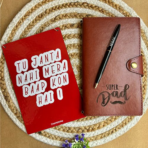 Embark on new journeys and document your adventures with the Fathers Day Special Gifts Bundle. This chic travel journal and stylish metal pen are the perfect companions for wanderers and explorers alike. The faux leather journal provides a luxurious touch, while the metal pen ensures smooth writing as you pen down your dads thoughts and memories. The set is beautifully complemented by a quirky door sign, adding a touch of whimsy to your space. Whether he is a seasoned traveler or just starting out on your exploration journey, this gift set is sure to inspire your wanderlust and spark your creativity. Treat yourself or surprise a loved one with this thoughtful set that is perfect for capturing all your travel experiences in style.
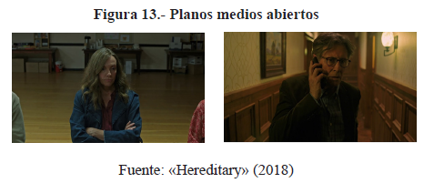 Los planos medios, que encuadran a los personajes desde la cintura o el pecho hacia arriba, se emplean con frecuencia en las interacciones familiares cotidianas. Sin embargo, lo interesante en «Hereditary» (2018) es cómo estos planos no sólo funcionan como un recurso narrativo convencional, sino que también transmiten una creciente sensación de incomodidad. Este tipo de plano, a menudo, se siente claustrofóbico, ya que, a pesar de enmarcar solo una porción del entorno, la atmósfera cargada de la escena hace que el espacio parezca comprimirse alrededor de los personajes. Es particularmente notable en escenas de discusión, donde los planos medios refuerzan el carácter asfixiante de las dinámicas familiares.
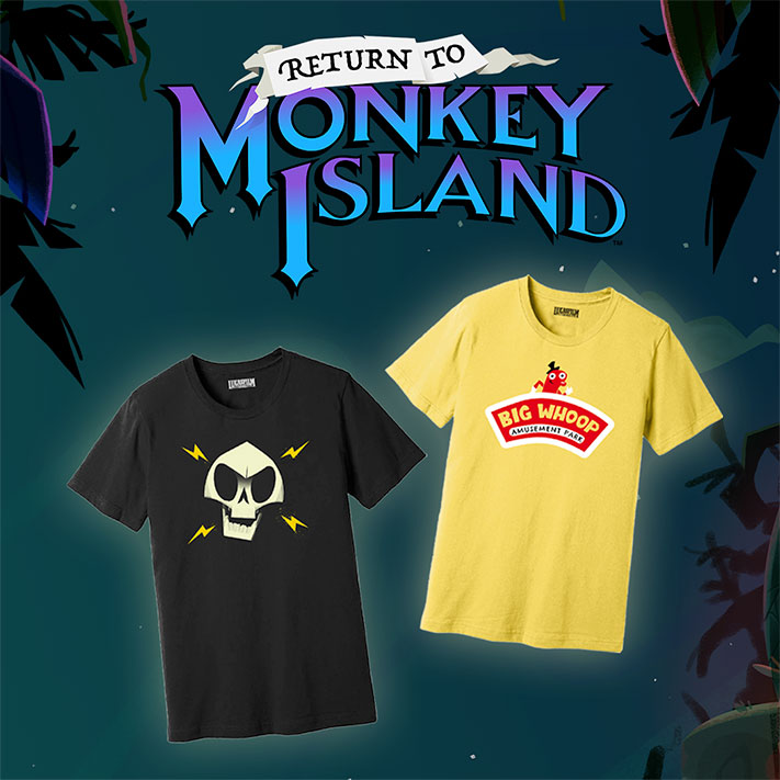 Vous voulez des chemises ? Il y en a en stock ! Drapez-vous des couleurs de l’infâme pirate fantôme LeChuck, du vendeur de bateaux Sam T. Stanman, du crâne démoniaque Murray ou du célèbre parc d’attractions Big Whoop pour égayer vos habituels dîners mondains d’un nouveau style pas piqué des hannetons.
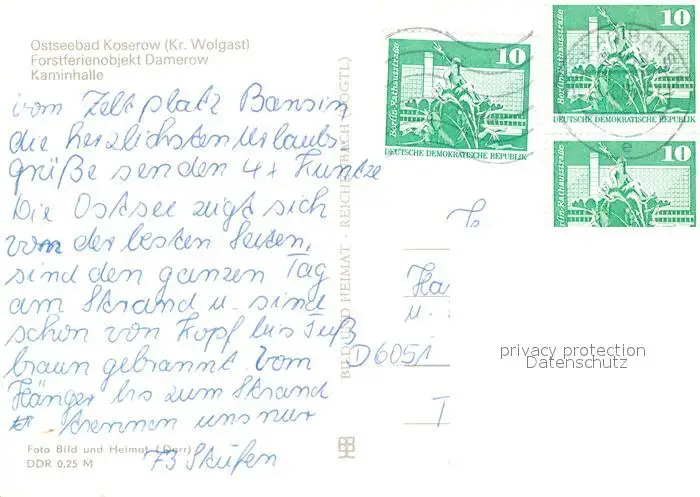 Koserow_Ostseebad_Usedom Forstferienobjekt Damerow Kaminhalle Koserow_Ostseebad_Usedom postalisch gelaufen 1979 Erhaltung siehe scans [FriedD77] Frierer
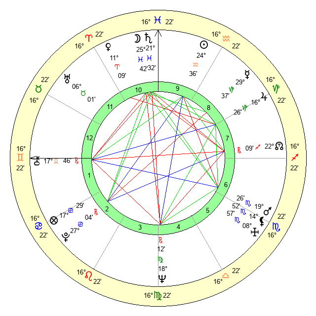 | Moon | 25 Pisces 40 | 8 Virgo 8 | 21 Gemini 58 |
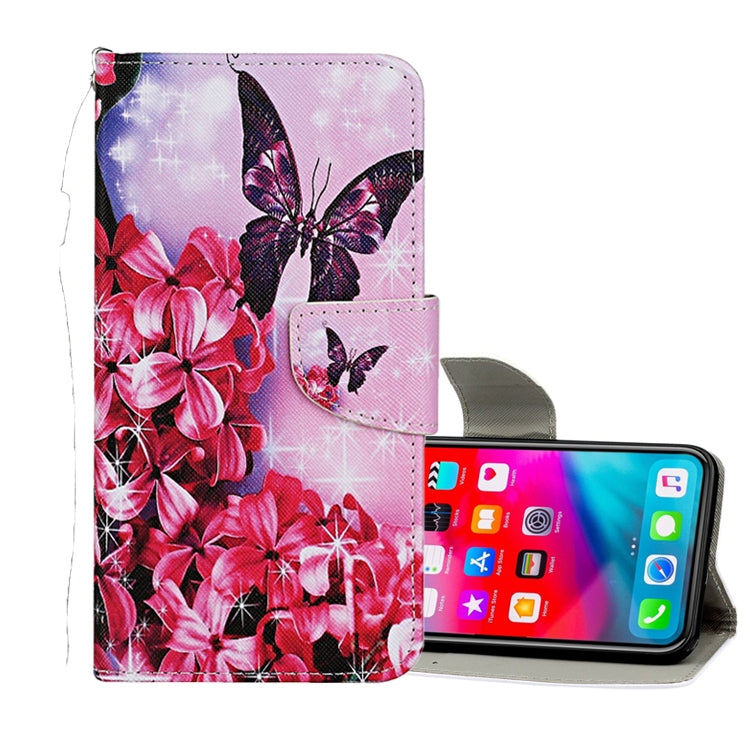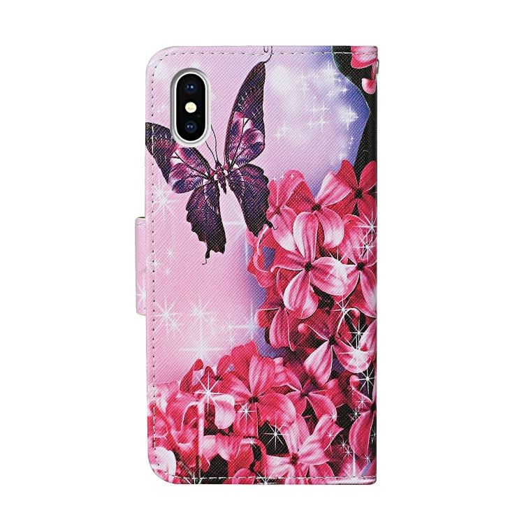 Estuche de Cuero para iPhone Xs Max con Tapa Horizontal Soporte Ranuras y Billetera (Mariposa de Flor Roja)
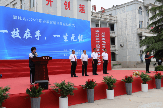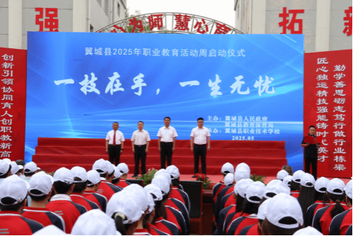 五月的风,吹来了劳动的赞歌;五月的阳光,照亮了技能的舞台。5月13日上午8:30,翼城县2025年职业教育活动周启动仪式在县职业技术学校举行,今年的活动主题是“一技在手,一生无忧”。县教育体育局主任科员杨金钟、工会主席综合股股长白瑾祥、综合股副股长宋兆辉、县职业技术学校校长李国红及全体师生和部分家长参加了启动仪式。
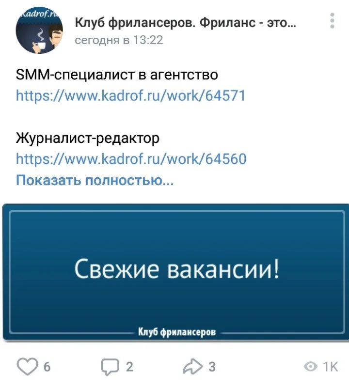 Клуб фрилансеров (135K). Это группа больше похожа на блог: в постах есть опросы, вопросы от подписчиков, статьи, списки полезных лекций и даже мемы — безобидные и редко. Но все же основной контент — вакансии. Их дублируют с сайта несколько раз в неделю.
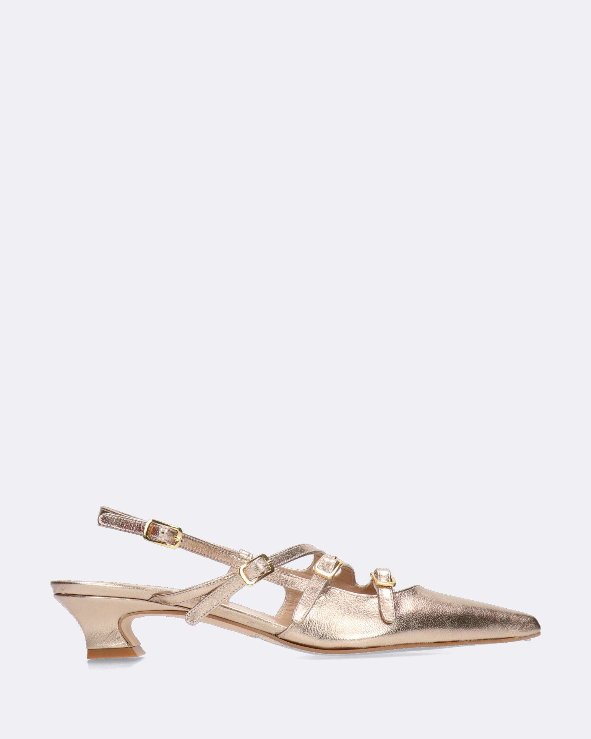 Slingback in pelle laminata color ottone, tacco ricoperto 40mm, sottopiede in pelle, suola in cuoio, a punta, cinturini regolabili con fibbia, made in Italy, collezione donna Hope Primavera estate 2024

________

=== PROBLEM TO WORK ON ===
Output, word for word, the full listing above, with no pictures.

=== SOLVED PROBLEM ===
 Embark on new journeys and document your adventures with the Fathers Day Special Gifts Bundle. This chic travel journal and stylish metal pen are the perfect companions for wanderers and explorers alike. The faux leather journal provides a luxurious touch, while the metal pen ensures smooth writing as you pen down your dads thoughts and memories. The set is beautifully complemented by a quirky door sign, adding a touch of whimsy to your space. Whether he is a seasoned traveler or just starting out on your exploration journey, this gift set is sure to inspire your wanderlust and spark your creativity. Treat yourself or surprise a loved one with this thoughtful set that is perfect for capturing all your travel experiences in style.
 Los planos medios, que encuadran a los personajes desde la cintura o el pecho hacia arriba, se emplean con frecuencia en las interacciones familiares cotidianas. Sin embargo, lo interesante en «Hereditary» (2018) es cómo estos planos no sólo funcionan como un recurso narrativo convencional, sino que también transmiten una creciente sensación de incomodidad. Este tipo de plano, a menudo, se siente claustrofóbico, ya que, a pesar de enmarcar solo una porción del entorno, la atmósfera cargada de la escena hace que el espacio parezca comprimirse alrededor de los personajes. Es particularmente notable en escenas de discusión, donde los planos medios refuerzan el carácter asfixiante de las dinámicas familiares.
 Vous voulez des chemises ? Il y en a en stock ! Drapez-vous des couleurs de l’infâme pirate fantôme LeChuck, du vendeur de bateaux Sam T. Stanman, du crâne démoniaque Murray ou du célèbre parc d’attractions Big Whoop pour égayer vos habituels dîners mondains d’un nouveau style pas piqué des hannetons.
 Koserow_Ostseebad_Usedom Forstferienobjekt Damerow Kaminhalle Koserow_Ostseebad_Usedom postalisch gelaufen 1979 Erhaltung siehe scans [FriedD77] Frierer
 | Moon | 25 Pisces 40 | 8 Virgo 8 | 21 Gemini 58 |
 Estuche de Cuero para iPhone Xs Max con Tapa Horizontal Soporte Ranuras y Billetera (Mariposa de Flor Roja)
 五月的风,吹来了劳动的赞歌;五月的阳光,照亮了技能的舞台。5月13日上午8:30,翼城县2025年职业教育活动周启动仪式在县职业技术学校举行,今年的活动主题是“一技在手,一生无忧”。县教育体育局主任科员杨金钟、工会主席综合股股长白瑾祥、综合股副股长宋兆辉、县职业技术学校校长李国红及全体师生和部分家长参加了启动仪式。
 Клуб фрилансеров (135K). Это группа больше похожа на блог: в постах есть опросы, вопросы от подписчиков, статьи, списки полезных лекций и даже мемы — безобидные и редко. Но все же основной контент — вакансии. Их дублируют с сайта несколько раз в неделю.
 Slingback in pelle laminata color ottone, tacco ricoperto 40mm, sottopiede in pelle, suola in cuoio, a punta, cinturini regolabili con fibbia, made in Italy, collezione donna Hope Primavera estate 2024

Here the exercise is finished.